Il ne faut surtout pas légiférer car cela ne favorisera que les lobbys pharmaceutiques. Il faut seulement redonner le bon sens aux Français pour qu'ils comprennent que quand ils sont fatigués c'est parce qu'ils se sont couché trop tard, et qu'ils doivent se reposer.
De la même manière, vous perdrez dix kilos si vous mangez mieux et si vous êtes mieux dans votre tête, pas en prenant des herbes pour maigrir. C'est une tendance terrible, car plus les gens prennent conscience qu'il y a des problèmes avec les médicaments, plus ils se tournent vers les compléments alimentaires. C'est du marketing !
Toujours selon Nutrinet, les consommateurs de compléments alimentaires sont généralement au courant des recommandations nutritionnelles, mangent souvent bio et ont un mode de vie plus sain que la moyenne. Comment expliquer que ce soit ces personnes, qui a priori n'en ont pas besoin, qui achètent le plus de compléments alimentaires ? Cette étude est-elle révélatrice d'un rapport "maladif" aux médicaments et aux compléments en tout genre en France ?

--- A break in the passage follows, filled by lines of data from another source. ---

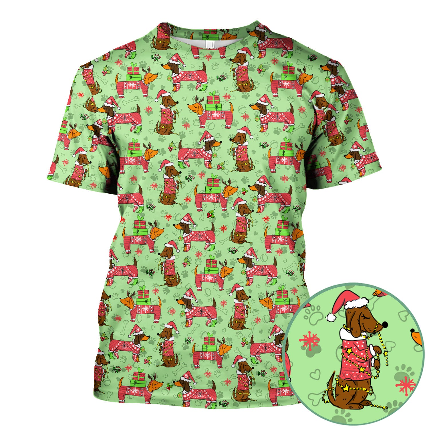 Holiday Dachshund Scrub Top for Nurses - Christmas Sausage Dog Santa with Paw Prints - Funny Medical Shirt RN LPN CNA Gift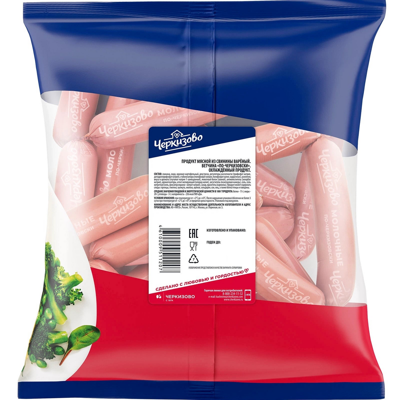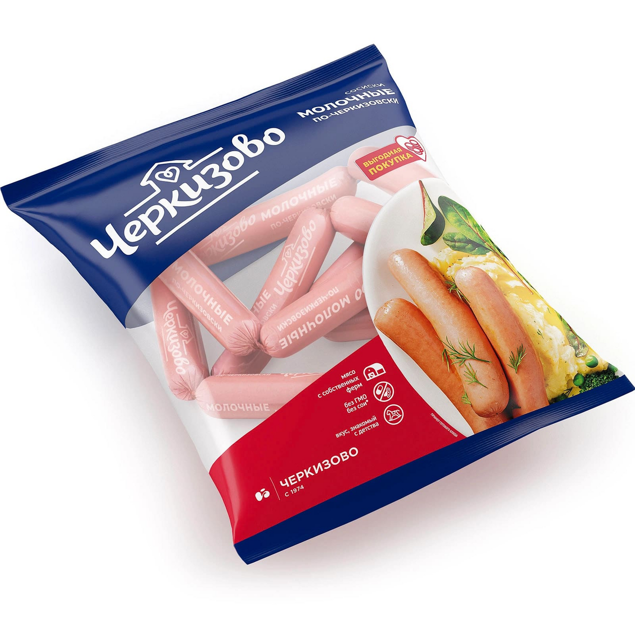 Сосиски Молочные по-черкизовски – питательный мясной продукт, который изготовлен по традиционному рецепту с использованием отборной говядины и свинины. В составе отсутствуют генно-модифицированные компоненты и вредные добавки. Сосиски отличаются неповторимым вкусом и притягательным сливочным ароматом. Имеют однородную структуру без добавления шпика. При варке не развариваются и не окрашивают воду в розовый цвет.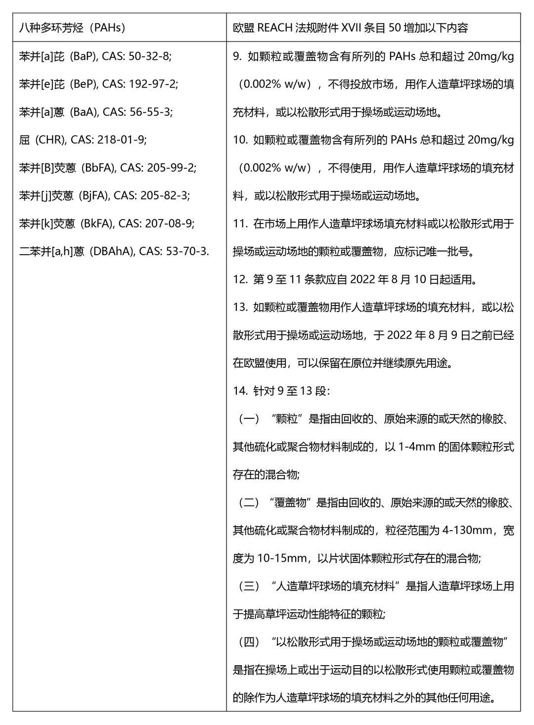 從2022年8月10日起,用作運動場、操場填充物的橡膠顆粒和覆蓋物中的八種多環芳烴(PAHs),濃度限值降至20mg/kg。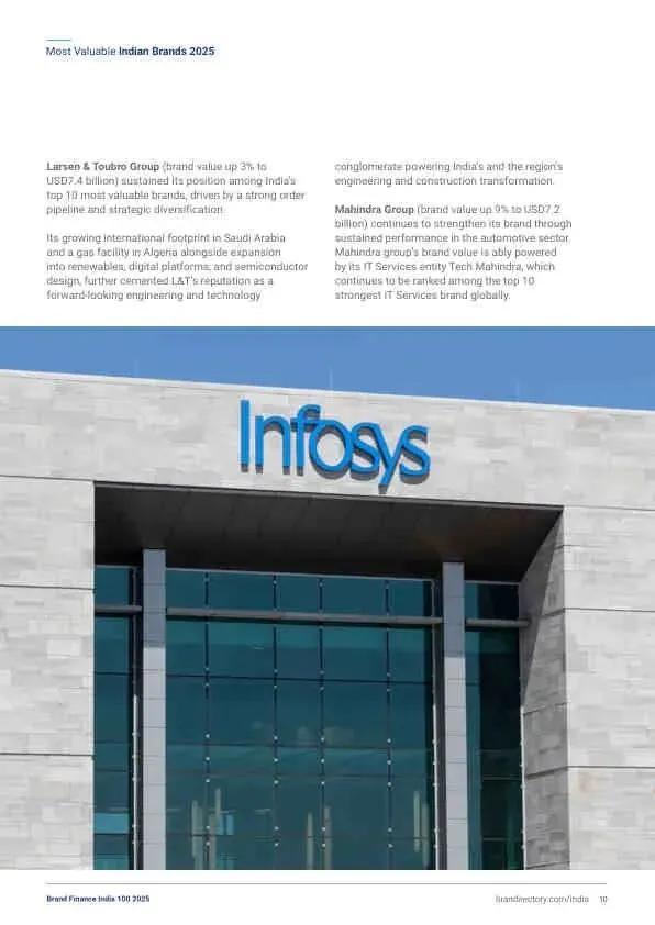 - 亚军: 印孚瑟斯 (Infosys) 品牌价值达163亿美元(+15%),是IT服务领域的全球领导者。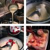 Use the first five ingredients to make a crème anglaise mix, then cool down and churn in an ice cream machine. Meanwhile, strain the stewed rhubarb and reduce down the juices. Allow to cool. When the ice cream is nearly frozen, add the rhubarb pulp to the mixture and churn to give the ripple effect, then turn off the machine.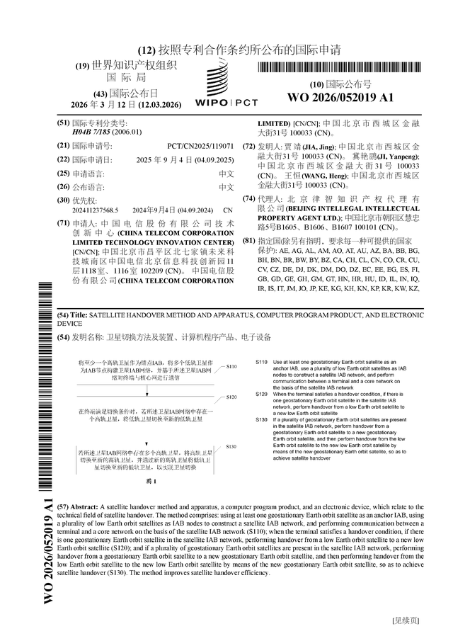 证券之星消息,根据企查查数据显示中国电信(601728)公布了一项国际专利申请,专利名为“卫星切换方法及装置、计算机程序产品、电子设备”,专利申请号为PCT/CN2025/119071,国际公布日为2026年3月12日。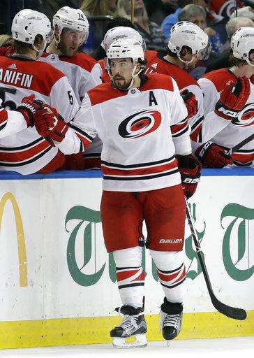 Aho was in the lineup three days after leaving Saturday's 7-1 loss at Boston following a scary looking leg injury.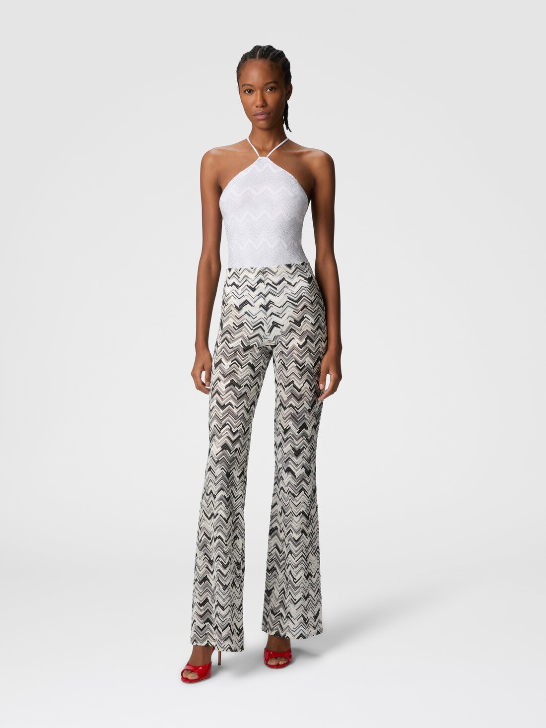Vibrant reflections run through these flared trousers for women, crafted from a viscose blend with the iconic slub zig-zag pattern. The flared cut gives a natural and slender elegance, while the play of colors creates a dynamic and sophisticated effect. Perfect for enriching any look with a distinctive touch, these trousers combine the refinement of Missoni workmanship with the versatility of a contemporary garment.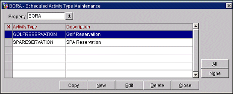 Use this screen to add new activity types for scheduled activities and to copy activity types to other properties (if the OPP_MHOT Multi-Property PMS add-on license is active).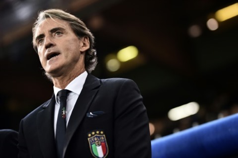 | Le sélectionneur de l'Italie, Roberto Mancini, lors d'un match amical de la Nazionale contre l'Ukraine le 10 octobre 2018 |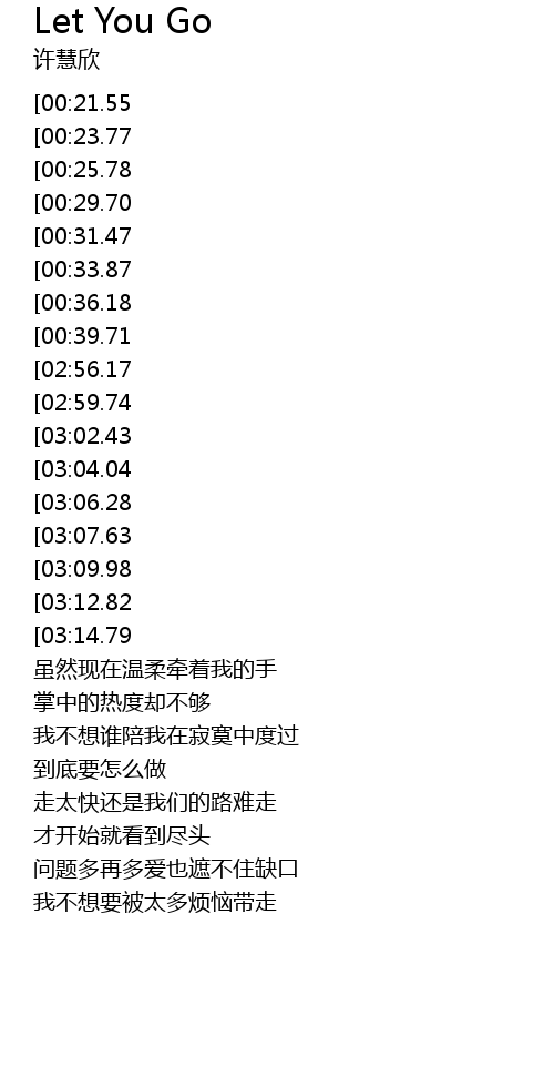 | [03:37.94][02:56.17][01:30.46][00:44.96] | Let You Go Let You Go |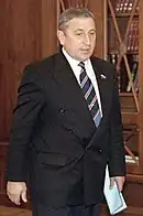 Glazyev was Minister of Foreign Economic Relations of Russia under Boris Yeltsin, a Communist member of the State Duma and in 2003 became co-chairman of the newly established Rodina party. However, he failed to win the Rodina nomination because of a power struggle with Dmitri Rogozin, and ran as independent candidate. He campaigned as a critic of economic reforms. He argued that post-Communist governments have ignored social justice and promised to improve welfare. | |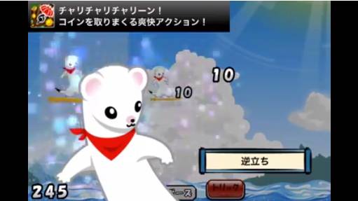 - 華麗にオコジョを水面に着水させると得点ボーナス!逆にバランスを崩した状態で着水するとゲームオーバーになるので気をつけよう!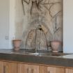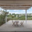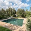 All'esterno, sul lato della cucina, si apre una splendida terrazza rivolta su una cava, mentre sul retro della casa si trova una piscina di forma quadrata immersa nel giardino della casa.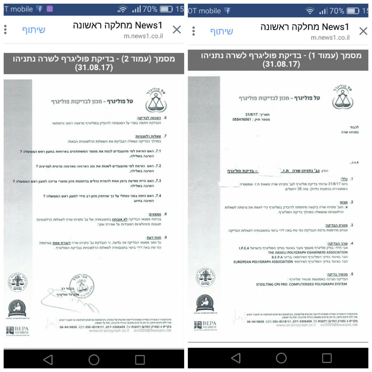 אישור מכון הפוליגרף שבו נבדקה גב' שרה נתניהו ונמצאה דוברת אמת בפרשת המעונות ,שתפו שכל אזרחי ישראל ידעו מהי האמת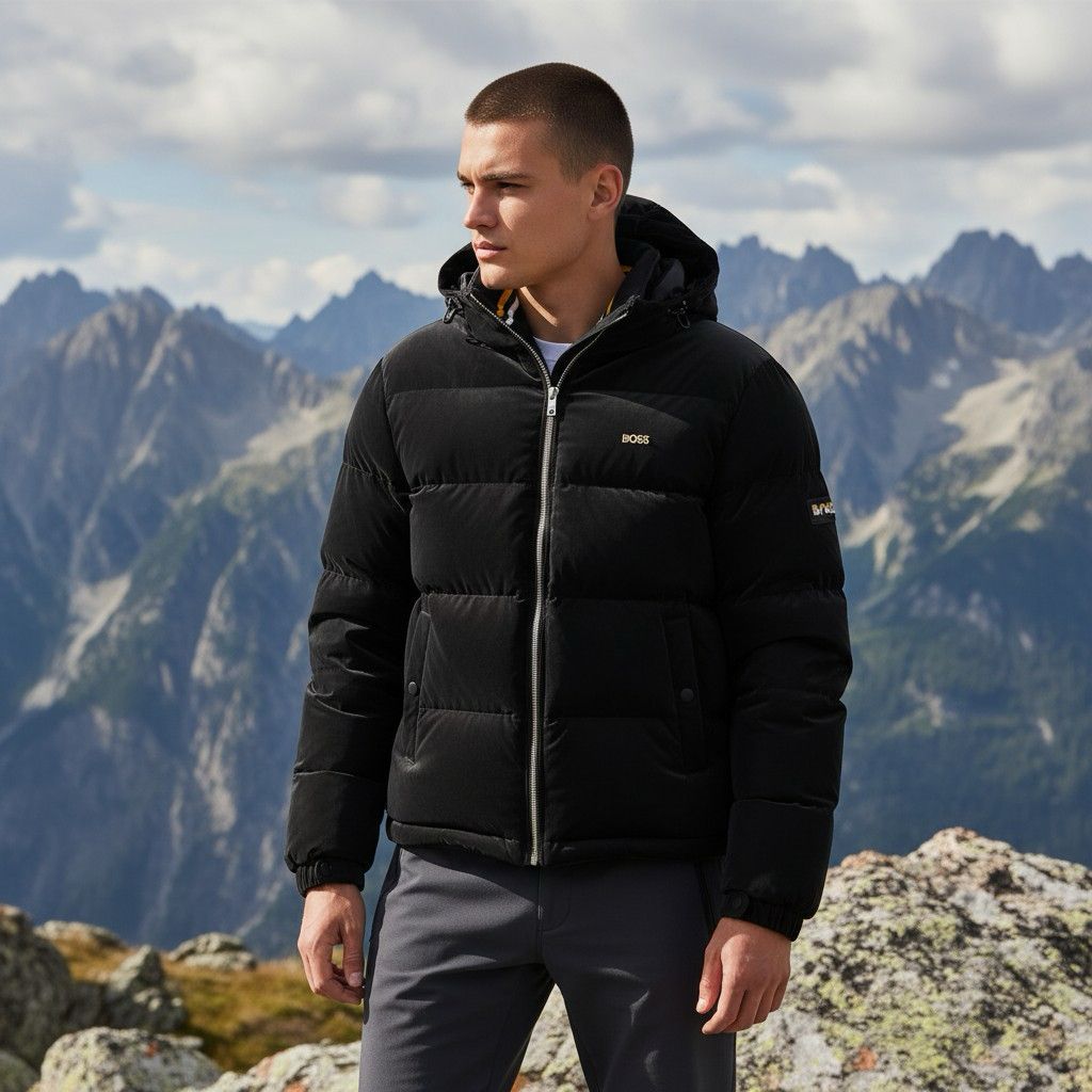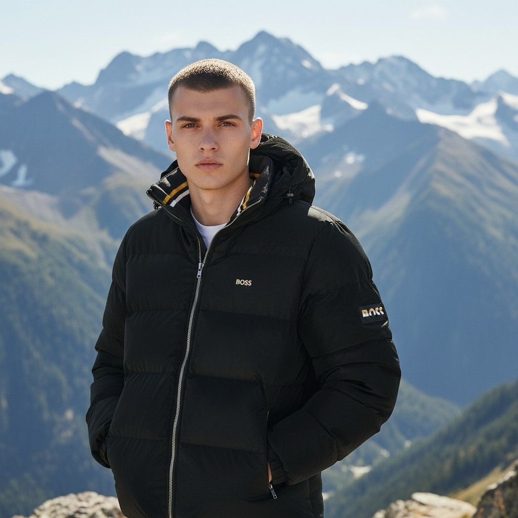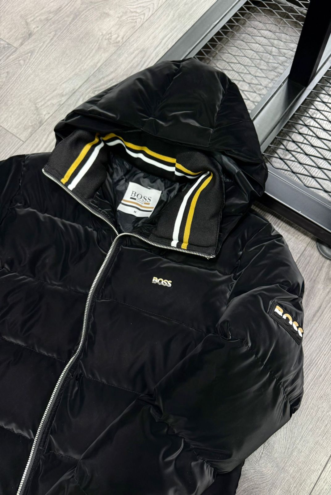 Siyah Mat Saten Kapüşonlu Şişme Mont – Luxury Edition
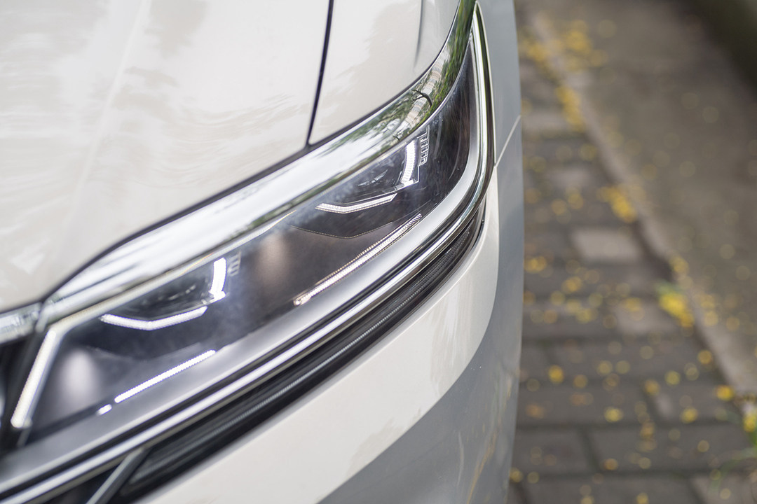 拿到辉昂的时候,它从车头到车尾的腰线吸引了我,别着急说漂亮。这就是制造工艺上对于精度高标准的体现,我很欣赏它那一对有着三维刻画效果的头灯,更加宽阔的进气格栅饰条在视觉上放大了车宽,大众风味的横扩式灯组也给人一种熟悉感。再加上下进气口的设计和中央的VW标识;时尚?这词不是用在中大型车上的。但你要说它无趣?这评价显然也不怎么中肯。毕竟看起来,它可是比帕萨特或者迈腾大气多了。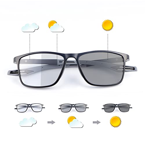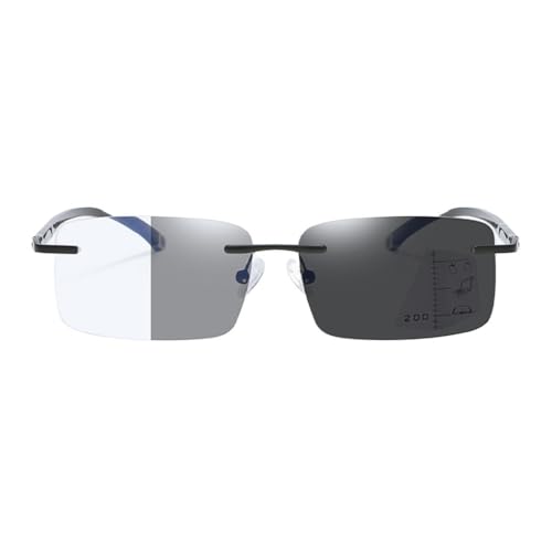 KOOSUFA kantlösa självtonande glidande läsglasögon glidande glasögon progressiva multifokus anti-blått ljus fotokrom män kvinnor titan med UV-skydd solglasögon 1,0 1,5 2,0 2,5 3,0 3,5, 1 x grå, 2.5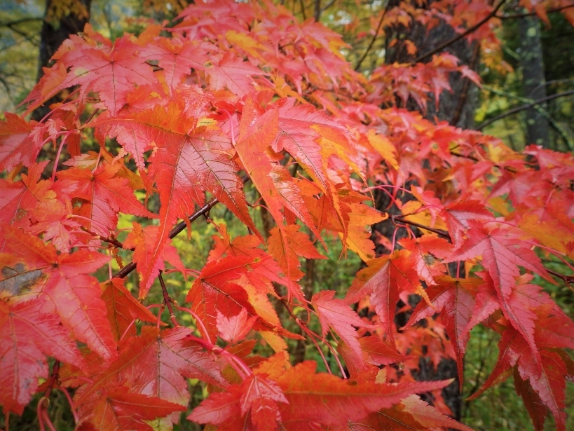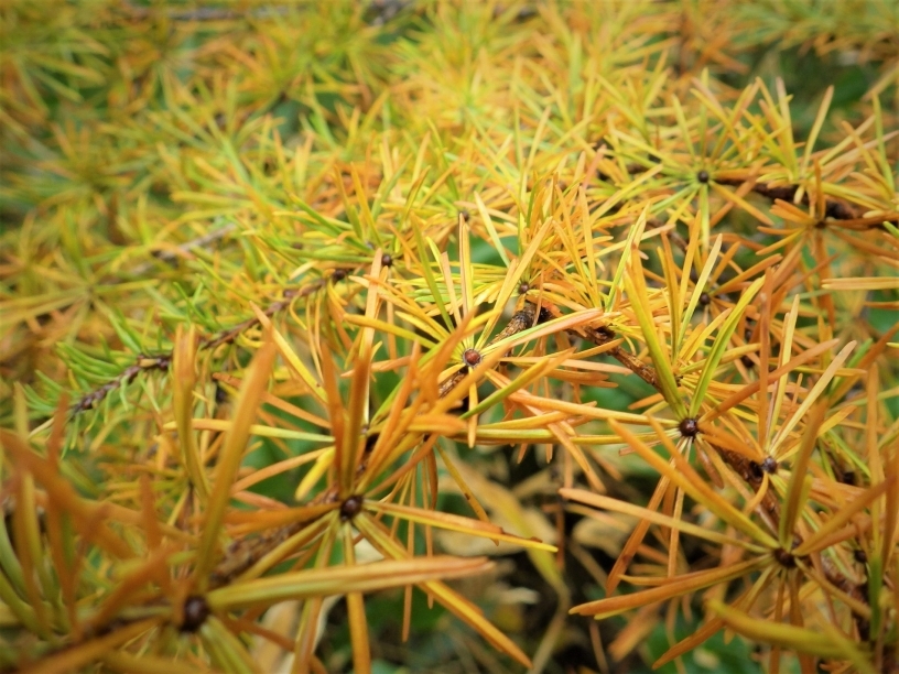園内では、カラマツの黄葉や数は少ないですがカエデの紅葉が楽しめます。カエデの紅葉をもっと楽しみたい方は必見、河童橋から明神池方面へ続く右岸歩道がおススメです。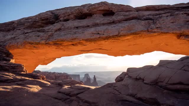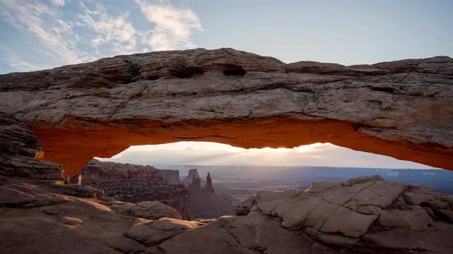 Desert sunrise landscape through the natural sandstone Mesa Arch, Utah, USA
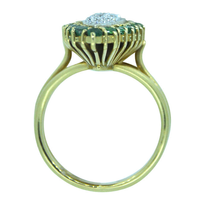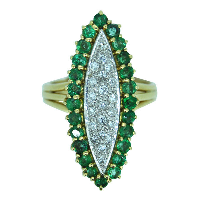 Diamond and emerald marquise shaped cluster ring, pave set to the centre with twenty-one diamonds, surrounded by twenty-four claw set emeralds, tested with acid and 18ct yellow gold, circa 1960's, size J1/2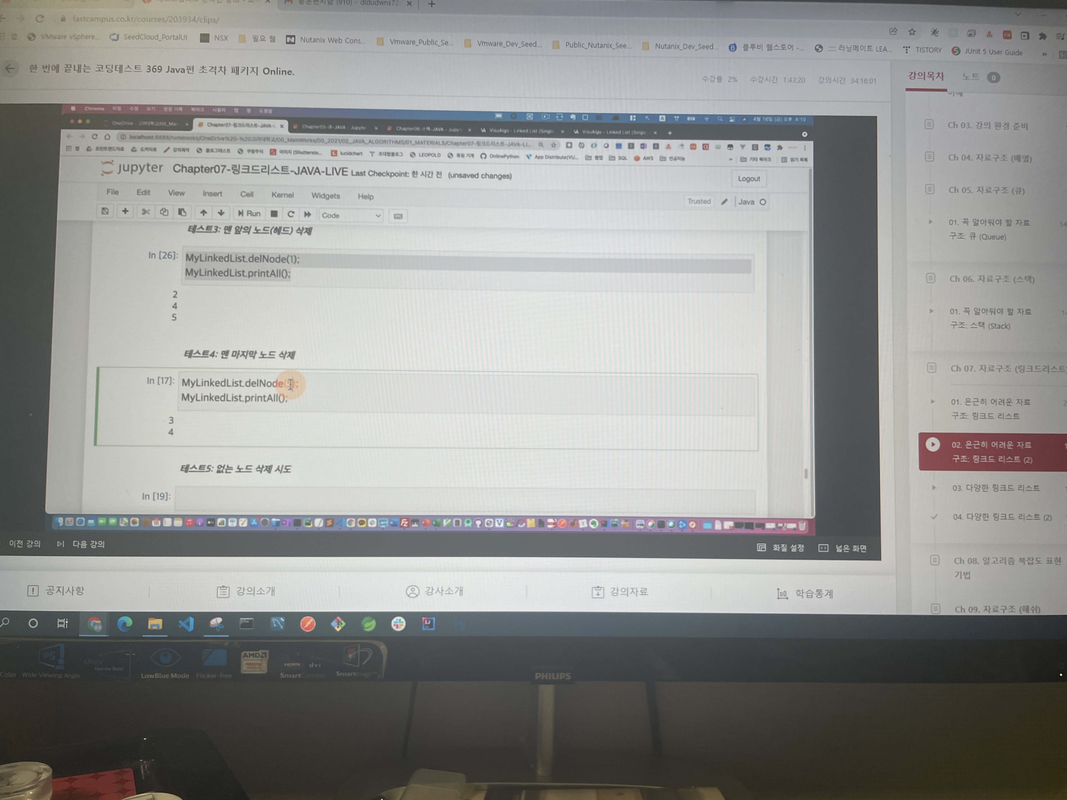 • 데이터의 중간노드 삭제

Manger bio, c'est bien. Même s'il n'est pas toujours facile d'être sûr qu'il s'agit de nourriture bio. Ce sont des gens qui sont à l'écoute de tout ce qui peut être positif en termes de bien-être, et qui sont très largement victimes de la publicité mensongère. Les bien-portants qui mangent bio n'ont pas besoin d'autre chose, normalement.
Certaines personnes qui subissent une chimiothérapie peuvent trouver que tel ou tel complément alimentaire leur fait du bien. Il y a au moins effet placebo, ce qui n'est pas si mal. J'aime mieux qu'il y ait cet effet avec un complément, si tant est que le médecin soit au courant et qu'il n'y ait pas de contre-indication. Au contraire, ce sont des produits qui, pour un certain nombre, sont assez efficaces. Mais efficacité veut dire toxicité potentielle, et cette dernière peut elle-même être mélangée avec la toxicité des médicaments prescrits normalement.
J'évoque l'épisode du fluor dans mon livre, qui est extraordinaire : pour des histoires d'argent on a fait donner pendant une vingtaine d'années du fluor à tous les enfants. Ce qui a créé des complications... Il faut être extrêmement prudent, mais ne pas légiférer.